Norman Podhoretz and Sheldon Adelson may envisage Iran as a land of terrorism and fanatics, and maybe they have convinced Trump and Pompeo of this. It’s no more true than saying that America is peopled with terrorists and fanatics.
When I was at the University of Rochester, I lived in university housing for awhile, and they assigned roommates to a double apartment. One of these was an Iranian, Aziz Bekhami, whose bio and photo are here. It mentions his being at Rochester.
Aziz was a normal guy and no fanatic. His specialty was nuclear physics. The U.S. government had played a significant role in his education, and this was intentional: “Following graduation he became affiliated with the United States Atomic Energy Commission (AEC), and worked at Argonne National Laboratory, operated by the University of Chicago.” As long as the Shah was in power, the U.S. wanted Iranians to accumulate knowledge of nuclear physics.
When I heard about the murders of Iranian nuclear physicists by Israeli killers, I thought of Aziz. His affiliation with the University of Chicago is similar to several Israeli professors I’ve known quite well who live and worked in America, Gershon Mandelker and Isaac Ehrlich. Gershon graduated from the University of Chicago in 1973; Aziz graduated from the same university in 1967. Isaac taught at the University of Chicago in the late 1960s.

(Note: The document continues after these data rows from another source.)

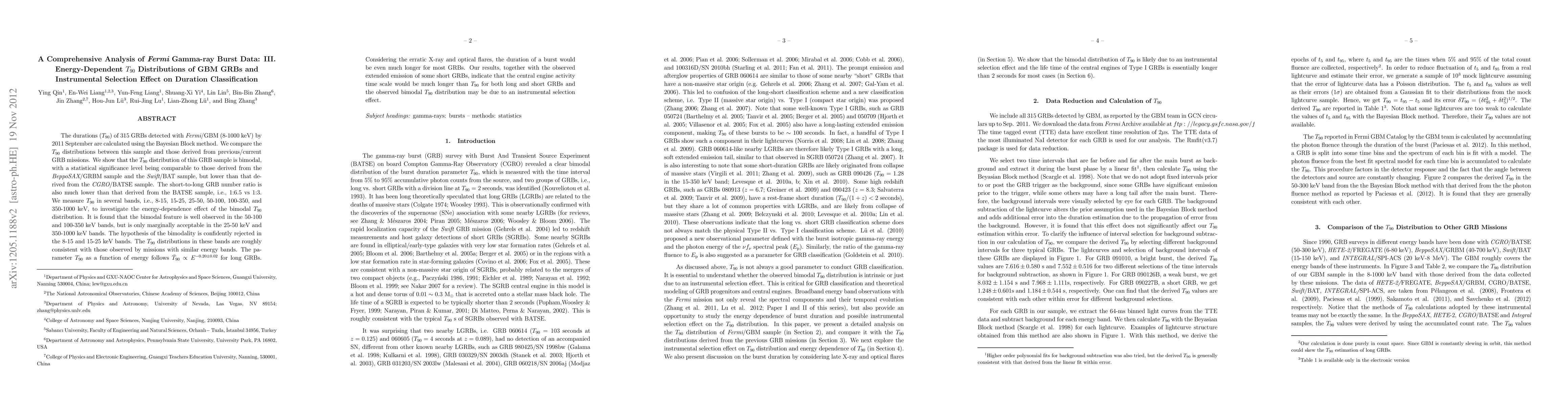 The durations (T90) of 315 GRBs detected with Fermi/GBM (8-1000 keV) by 2011 September are calculated using the Bayesian Block method. We compare the T90 distributions between this sample and those derived from previous/current GRB missions. We show that the T90 distribution of this GRB sample is bimodal, with a statistical significance level being comparable to those derived from the BeppoSAX/GRBM sample and the Swift/BAT sample, but lower than that derived from the CGRO/BATSE sample. The short-to-long GRB number ratio is also much lower than that derived from the BATSE sample, i.e., 1:6.5 vs 1:3. We measure T90 in several bands, i.e., 8-15, 15-25, 25-50, 50-100, 100-350, and 350-1000 keV, to investigate the energy-dependence effect of the bimodal T90 distribution. It is found that the bimodal feature is well observed in the 50-100 and 100-350 keV bands, but is only marginally acceptable in the 25-50 keV and 350-1000 keV bands. The hypothesis of the bimodality is confidently rejected in the 8-15 and 15-25 keV bands. The T90 distributions in these bands are roughly consistent with those observed by missions with similar energy bands. The parameter T90 as a function of energy follows \bar T90 \propto E^{-0.20\pm 0.02} for long GRBs. Considering the erratic X-ray and optical flares, the duration of a burst would be even much longer for most GRBs. Our results, together with the observed extended emission of some short GRBs, indicate that the central engine activity time scale would be much longer than T90} for both long and short GRBs and the observed bimodal T90 distribution may be due to an instrumental selection effect.
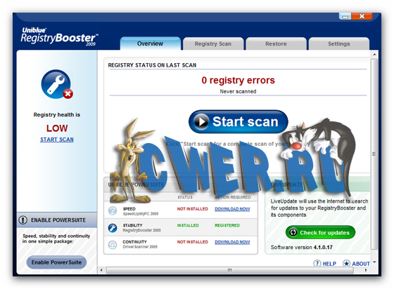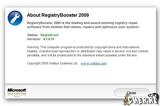 Скачать Uniblue RegistryBooster 2009 4.1.0.17 (3 МБ):
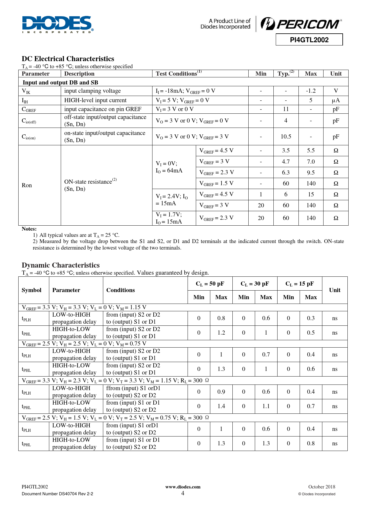 VGREF = 3.3 V; VH = 3.3 V; VL = 0 V; VM = 1.15 V LOW-to-HIGH from (input) S2 or D2 tPLH 0 0.8 0 0.6 0 0.3 ns propagation delay to (output) S1 or D1 HIGH-to-LOW from (input) S2 or D2 tPHL 0 1.2 0 1 0 0.5 ns propagation delay to (output) S1 or D1 VGREF = 2.5 V; VH = 2.5 V; VL = 0 V; VM = 0.75 V LOW-to-HIGH from (input) S2 or D2 tPLH 0 1 0 0.7 0 0.4 ns propagation delay to (output) S1 or D1 HIGH-to-LOW from (input) S2 or D2 tPHL 0 1.3 0 1 0 0.6 ns propagation delay to (output) S1 or D1 VGREF = 3.3 V; VH = 2.3 V; VL = 0 V; VT = 3.3 V; VM = 1.15 V; RL = 300 Ω LOW-to-HIGH ffrom (input) S1 orD1 tPLH 0 0.9 0 0.6 0 0.4 ns propagation delay to (output) S2 or D2 HIGH-to-LOW from (input) S1 or D1 tPHL 0 1.4 0 1.1 0 0.7 ns propagation delay to (output) S2 or D2 VGREF = 2.5 V; VH = 1.5 V; VL = 0 V; VT = 2.5 V; VM = 0.75 V; RL = 300 Ω LOW-to-HIGH from (input) S1 orD1 tPLH 0 1 0 0.6 0 0.4 ns propagation delay to (output) S2 or D2 HIGH-to-LOW from (input) S1 or D1 tPHL 0 1.3 0 1.3 0 0.8 ns propagation delay to (output) S2 or D2 PI4GTL2002
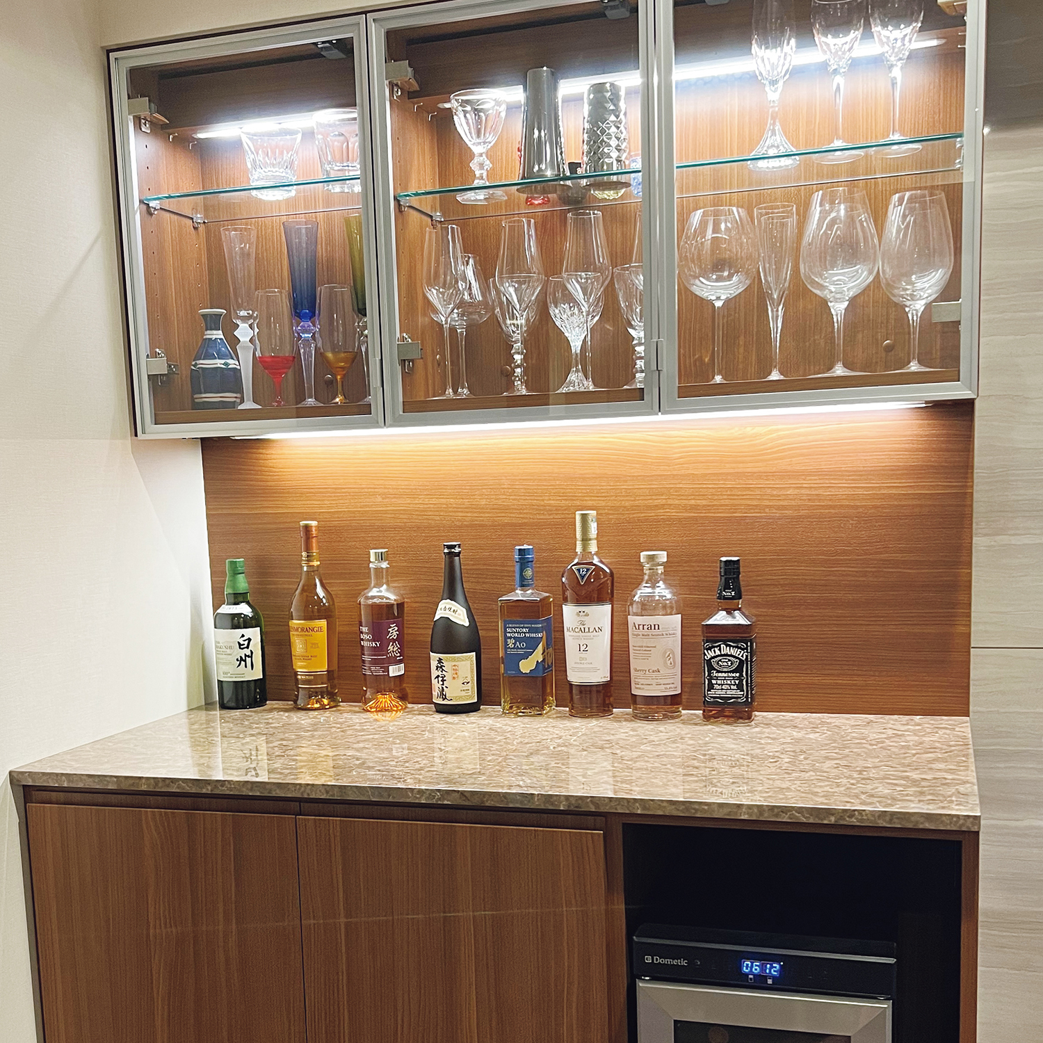 「お酒が大好きなので、コロナ禍の中で家をリフォームした際、友だちが遊びに来たときにお酒を作って楽しめる場所があるといいな、とリビングにバーを作りました。照明もつけて、棚には集めてきたグラスやお酒を収納。お休みの日はここで大好きなお酒を飲んでリフレッシュ」

Aziz is no more a fanatic than Gershon, Isaac or me. Can we all get along despite having different politics? Yes. Do we have to live in fear of one another? No. Do we have to murder one another? No. Can our states do the same? Not while we and the people of whom we are part let the most extreme elements among us dominate our states. But power attracts the more extreme elements, whereas we scholarly types either devote ourselves to knowledge or sell our souls to the state. There is a severe problem in controlling the pathologies of the state.